§ Problem: Up to and including the line that holds "Thank you very", print the data exactly from its first line; do not print the pictures.

§ Data to process:
Content starts

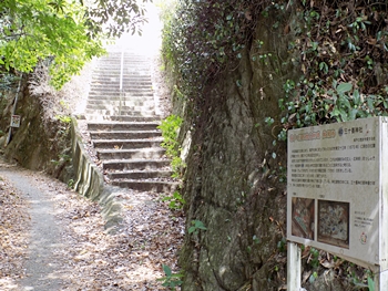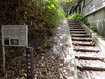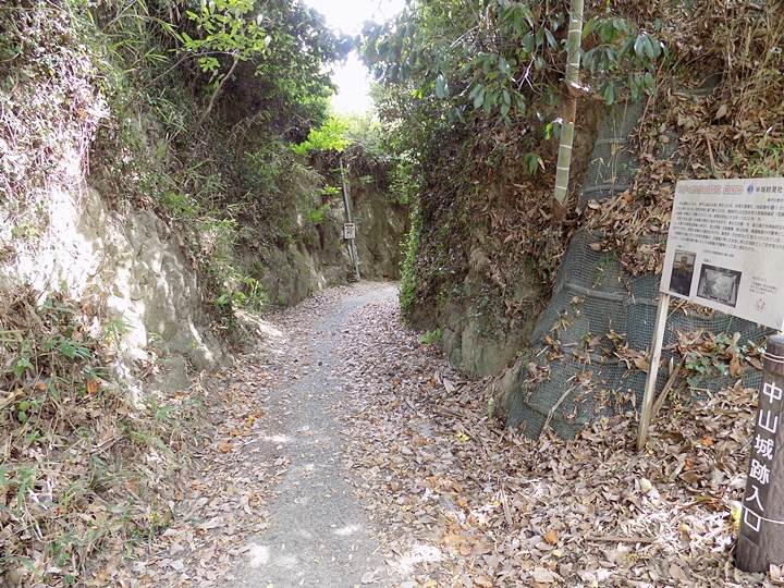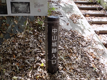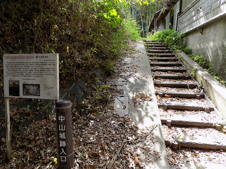 「長和・草戸新四国八十八ヶ所第12番焼山寺」を通り過ぎますと、スグに右手に階段上り口脇に『中山城跡入口』の案内標識が…結構新しいので、ここ近年に設置されましたのかも…
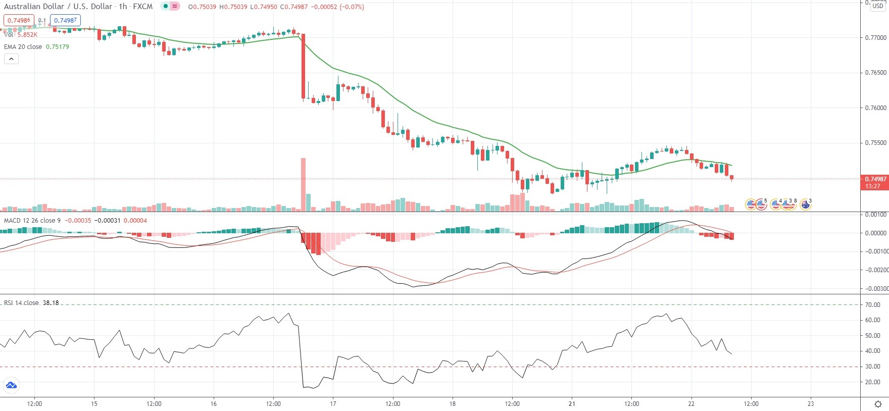 As of 8:36 GMT on Tuesday AUD/USD was edging down 0.50% to trade at 0.7497, while moving within a daily range of 0.7495-0.7545. Last Friday the pair slipped as low as 0.7477, which has been its weakest level since December 21st 2020 (0.7462). The major currency pair has retreated 2.98% so far in June, following a 0.26% gain in May.
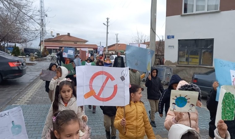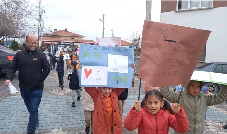 Günyüzü’nde Yeşilay haftası sebebi ile bir araya gelen minikler, kötü alışkanlıklara dikkat çekmek için ilçe merkezinde yürüyüş yaptı.
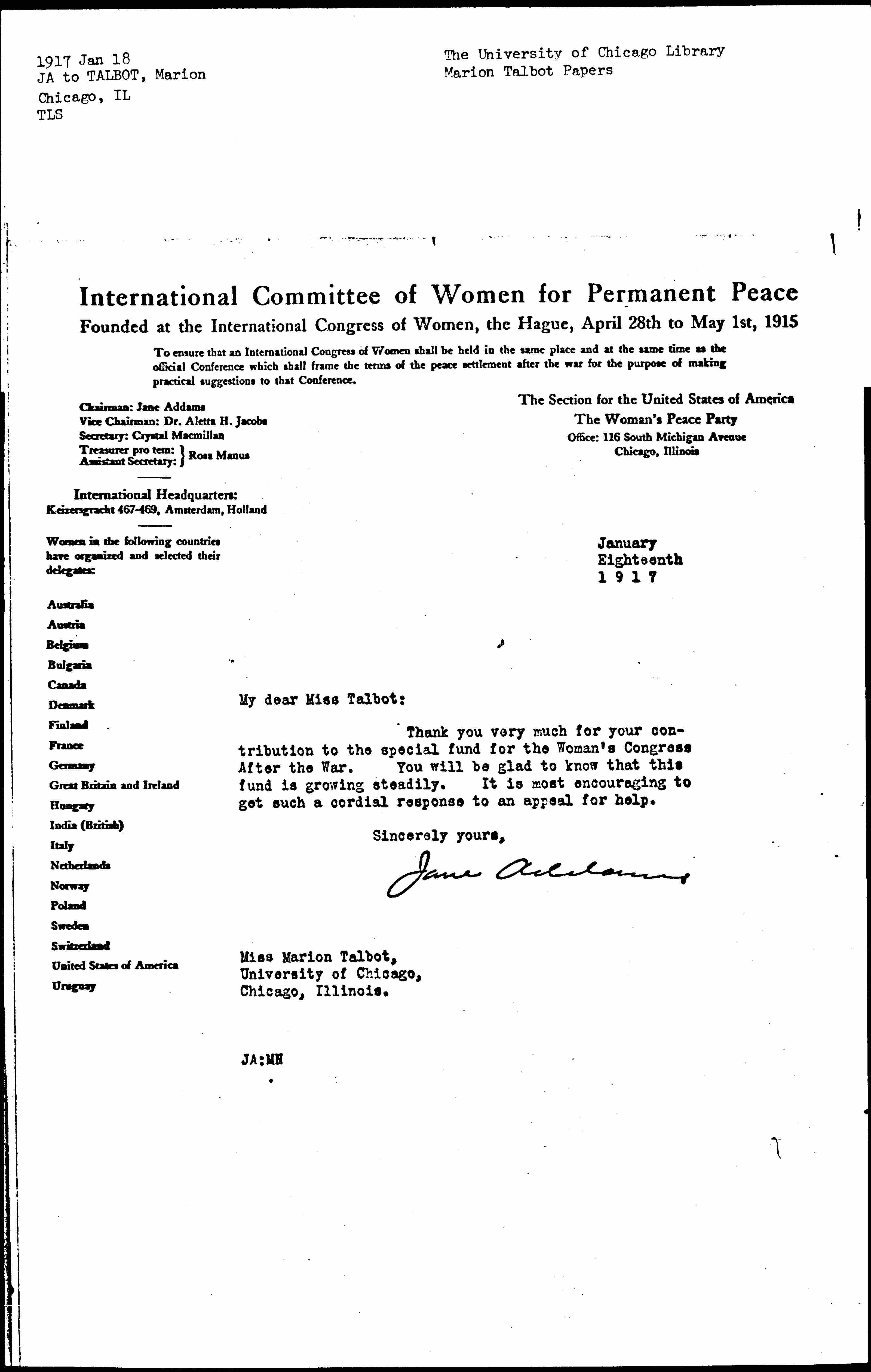 Thank you very much for your contribution to the special fund for the Woman's Congress After the War. You will be glad to know that this fund is growing steadily. It is most encouraging to get such a cordial response to an appeal for help.
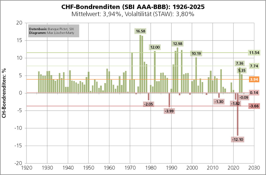 Für den Betrachtungszeitraum (31.12.1925 bis 31.12.2025) lässt sich eine jährliche Standardabweichung von 3,80% bestimmen. Bei einer nachhaltigen CH-Bondrendite von 3,94% bewegen sich künftige CHF-Bondrenditen mit einer Wahrscheinlichkeit von rund 68% innerhalb einer Bandbreite von +0,14% bis +7,74% (3.94 –/+3.80). Mit einer Wahrscheinlichkeit (WS) von rund 95% rechnet sich eine Bandbreite von –3,66% bis +11,54% (3.94 –/+2x3.80).
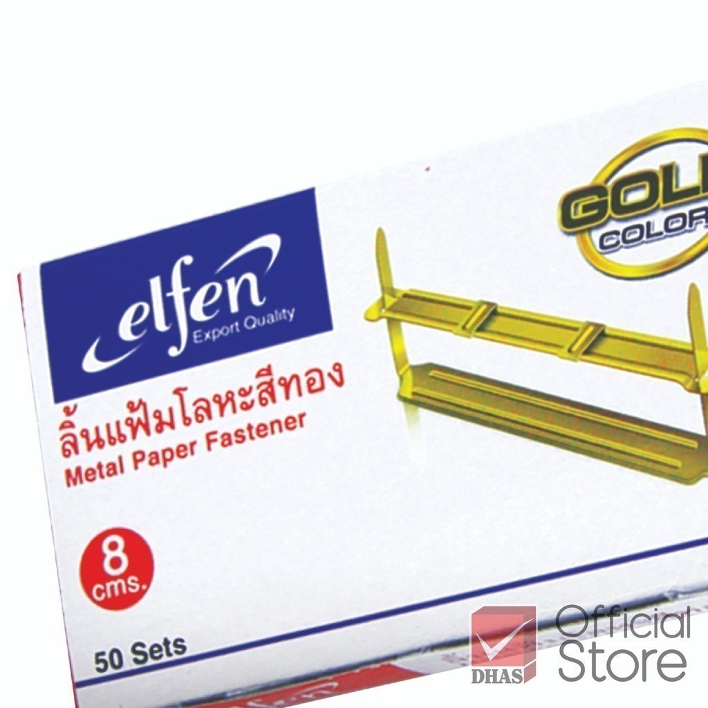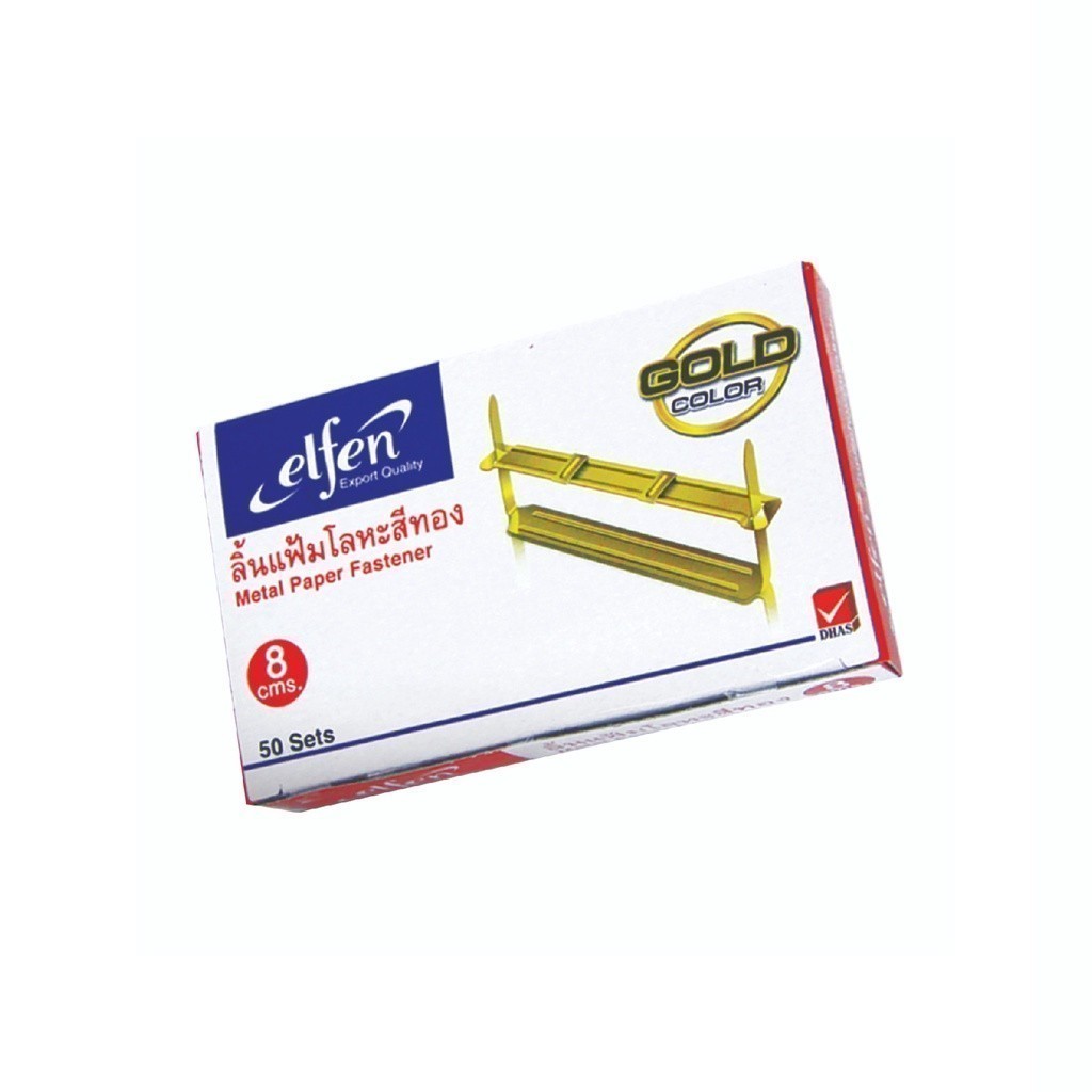 Elfen ลิ้นแฟ้ม ลิ้นแฟ้มโลหะสีทอง No.01 บรรจุ 50 เซ็ต จำนวน 1 กล่อง
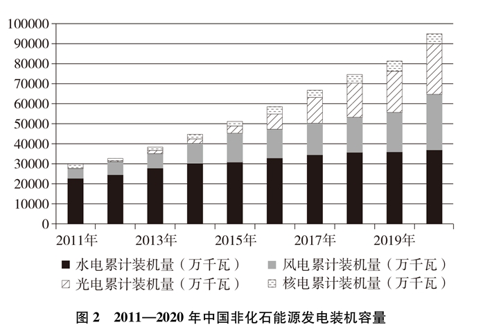 非化石能源快速发展。中国把非化石能源放在能源发展优先位置,大力开发利用非化石能源,推进能源绿色低碳转型。初步核算,2020年,中国非化石能源占能源消费总量比重提高到15.9%,比2005年大幅提升了8.5个百分点;中国非化石能源发电装机总规模达到9.8亿千瓦,占总装机的比重达到44.7%,其中,风电、光伏、水电、生物质发电、核电装机容量分别达到2.8亿千瓦、2.5亿千瓦、3.7亿千瓦、2952万千瓦、4989万千瓦,光伏和风电装机容量较2005年分别增加了3000多倍和200多倍。非化石能源发电量达到2.6万亿千瓦时,占全社会用电量的比重达到三分之一以上。
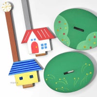 土台と家も自由に塗ってくださいね。土台は、庭をイメージして木々やお花を描いても素敵ですし、ミニチュアの人や動物と一緒に飾るのも楽しいですよ。たくさん並べるとかわいいので、イベント会場や公民館、幼稚園や学童保育などのコーナー展示にもおすすめです。
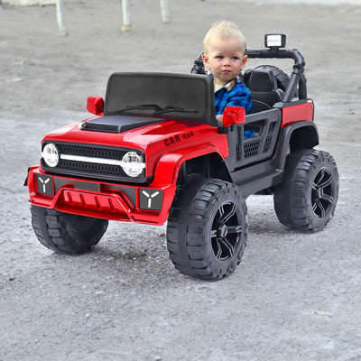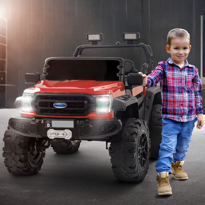 Baby Moo Ford 4X4 Battery Operated Electric Ride On Jeep Rechargeable 12V Battery With Remote Control LED Lights, Music & USB Port - Red
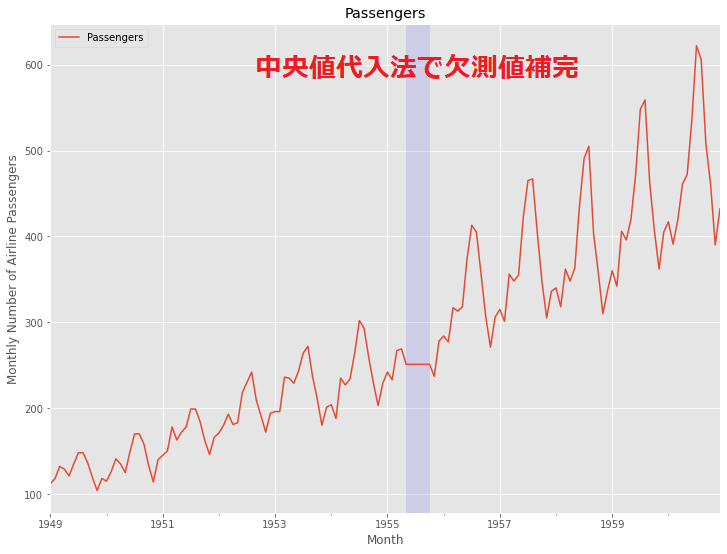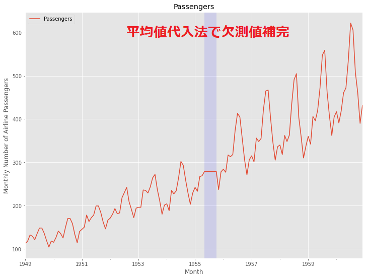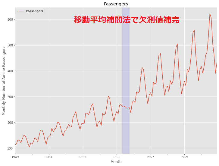 移動平均補間法とは、移動平均値を計算し、その平均値で欠測値補完します。
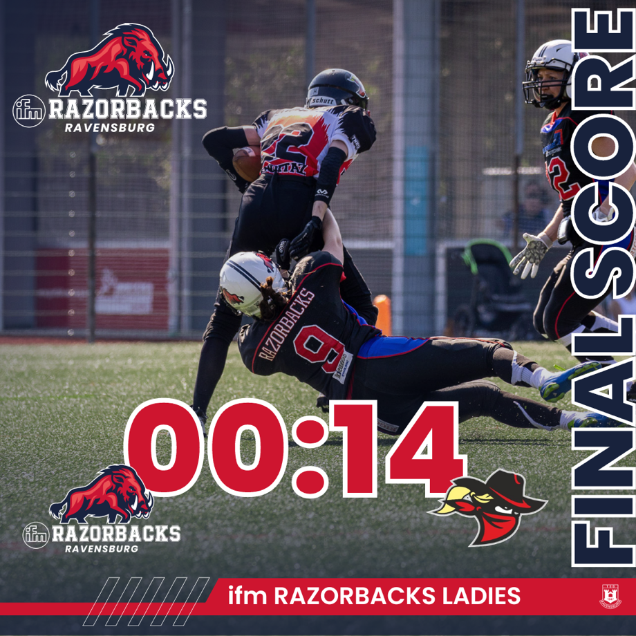 Der zweite Turniertag der Damenaufbauliga Süd begann mit dem Duell zwischen den Razorbacks Ladies und den Dachau Thunder Ladies. Beide Teams lieferten ein spannendes Spiel und nach zwei Hälften mit jeweils zehn Minuten stand es immer noch 0:0, was in die Verlängerung führte. Die Ausgeglichenheit der Kräfte und die starke Leistung beider Defensivmannschaften prägten das Spiel. Trotz zahlreicher Chancen und langanhaltender Drives gelang es den Ravensburger Spielerinnen jedoch nicht, Punkte auf das Scoreboard zu bringen.
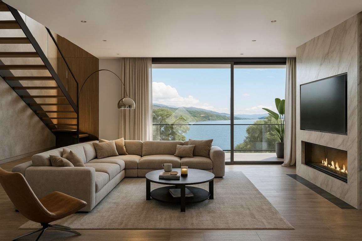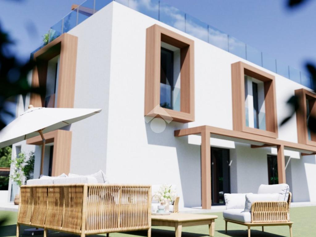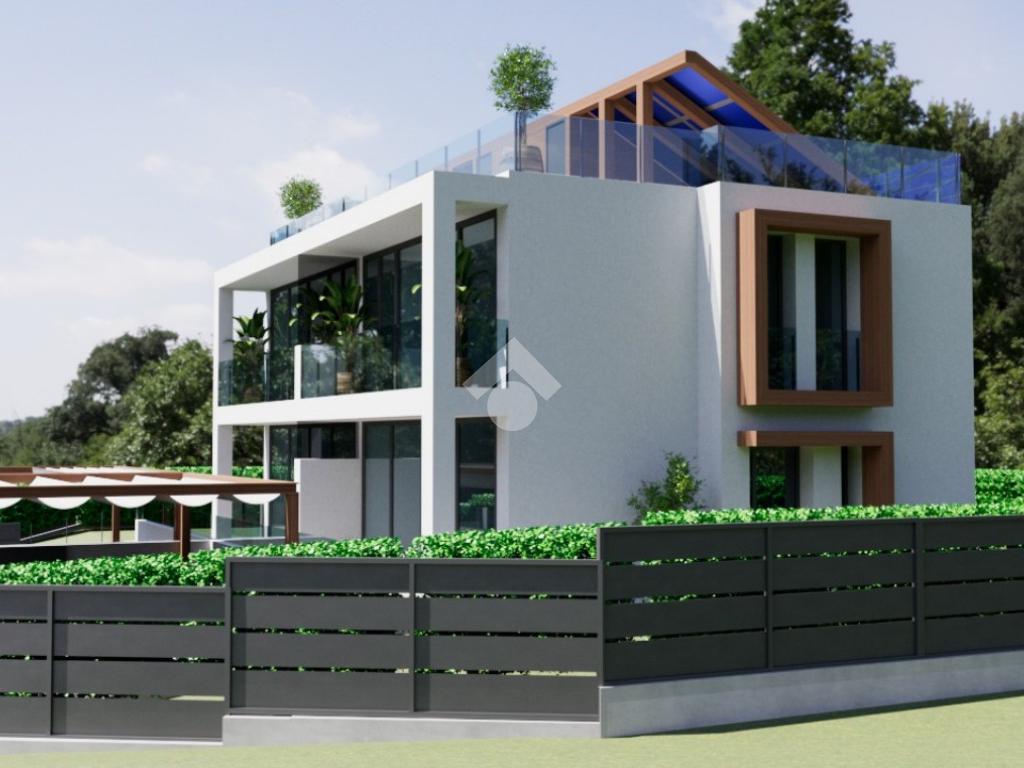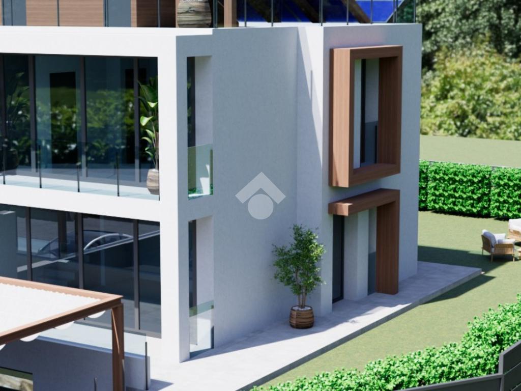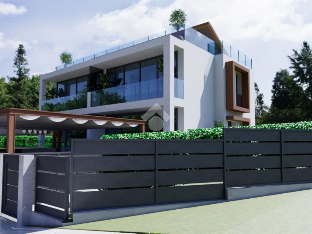 Peschiera del Garda – In contesto tranquillo proponiamo in vendita un’elegante porzione di villa bifamiliare con vista lago disposta su due livelli oltre ad interrato. La villa è in fase di completamento e si trova in posizione collinare, dalla quale si possono raggiungere in pochi minuti i parcheggi del centro, il lago e principali servizi ed attività del paese. La costruzione offre elevati standard a livello di qualità dei materiali e di risparmio energetico. Al piano terra, dotato di servizio, l’ingresso ci conduce nel luminoso soggiorno, collegato alla loggia e alla cucina a vista, dotata a sua volta di porta-finestra che permette di uscire sul portico esterno. La villa è circondata su due lati da un piacevole giardino privato che offre momenti di relax senza rinunciare alla privacy. Salendo al piano superiore, ci troviamo nel corridoio che conduce ad una comoda camera matrimoniale con bagno padronale e con un piacevole balcone, ad altre due stanze e ad un ulteriore servizio. La scala porta poi alla terrazza di oltre quaranta metri quadrati presente al livello della copertura piana dell’edificio, dove è presente il vano tecnico. L’interrato è composto da un doppio locale di circa cinquanta metri quadrati totali, nel quale si possono creare spazi per i propri interessi personali ed hobbies e per momenti conviviali. Sono presenti due posti auto di ampie dimensioni, che consentono di posteggiare comodamente due automobili affiancate. La posizione dell’immobile offre la possibilità di godere di una meravigliosa vista lago, ulteriore plus di una villa bifamiliare unica nel suo genere per posizione e utilizzo degli spazi.
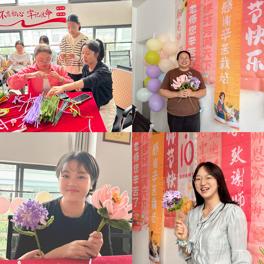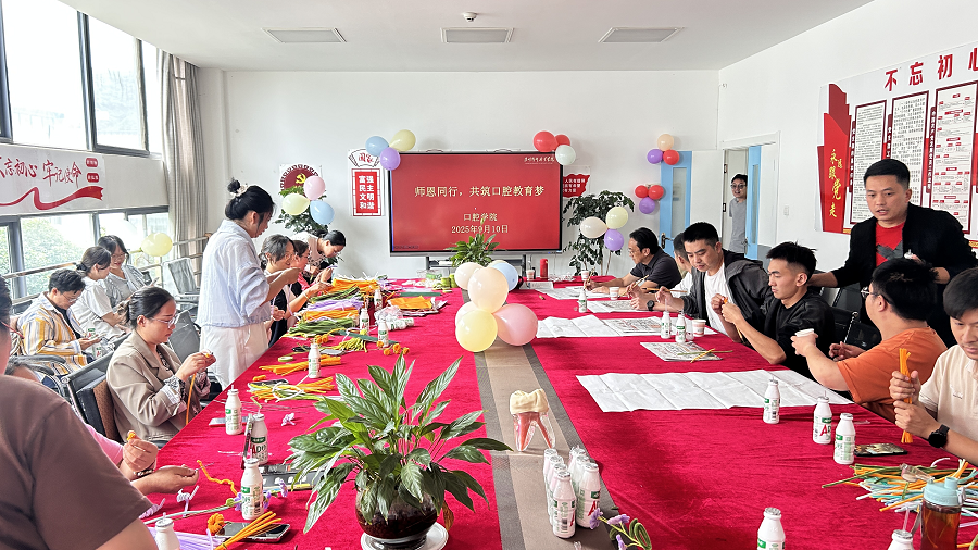 金风送爽,桃李芬芳,2025年9月10日为热烈庆祝第41个教师节,丰富教职工文化生活,9月10日11点,350vip浦京集团官网口腔学院在311会议室举办“巧手扭花颂师恩,挥毫泼墨写初心”主题活动。学院领导及教师齐聚一堂,以缤纷扭扭棒编制“微笑花束”,以遒劲笔墨书写育人初心,在花香与墨香中度过了一个温馨、专业又富有文化味的节日。
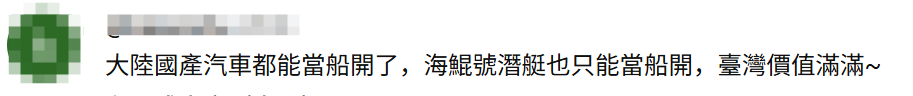 此外,還有人聯想到台灣自製潛艇“海鯤”號,耗資500億新台幣打造卻“不敢下潛”,不禁諷刺道:“大陸汽車都能當船開,‘海鯤’號也只能當船開。”
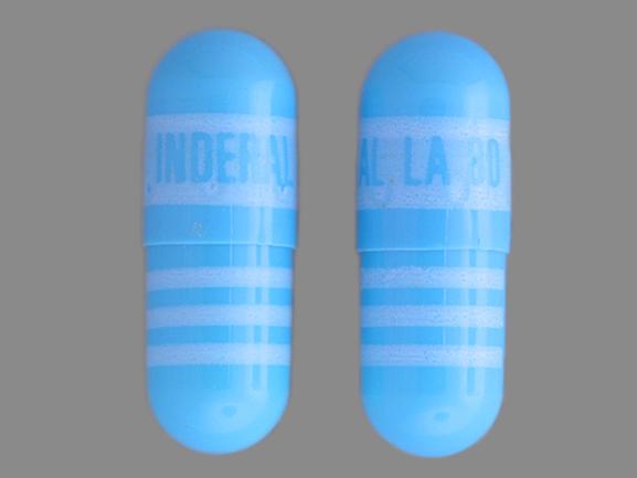 This medication is a Blue Capsule 16 mm, Extended release capsule with imprint "INDERAL;LA;80". It is manufactured by Wyeth Pharmaceuticals, Inc.. For details please contact your physician.

Content ends

§ Response to the task:
 「長和・草戸新四国八十八ヶ所第12番焼山寺」を通り過ぎますと、スグに右手に階段上り口脇に『中山城跡入口』の案内標識が…結構新しいので、ここ近年に設置されましたのかも…
 As of 8:36 GMT on Tuesday AUD/USD was edging down 0.50% to trade at 0.7497, while moving within a daily range of 0.7495-0.7545. Last Friday the pair slipped as low as 0.7477, which has been its weakest level since December 21st 2020 (0.7462). The major currency pair has retreated 2.98% so far in June, following a 0.26% gain in May.
 Günyüzü’nde Yeşilay haftası sebebi ile bir araya gelen minikler, kötü alışkanlıklara dikkat çekmek için ilçe merkezinde yürüyüş yaptı.
 Thank you very much for your contribution to the special fund for the Woman's Congress After the War. You will be glad to know that this fund is growing steadily. It is most encouraging to get such a cordial response to an appeal for help.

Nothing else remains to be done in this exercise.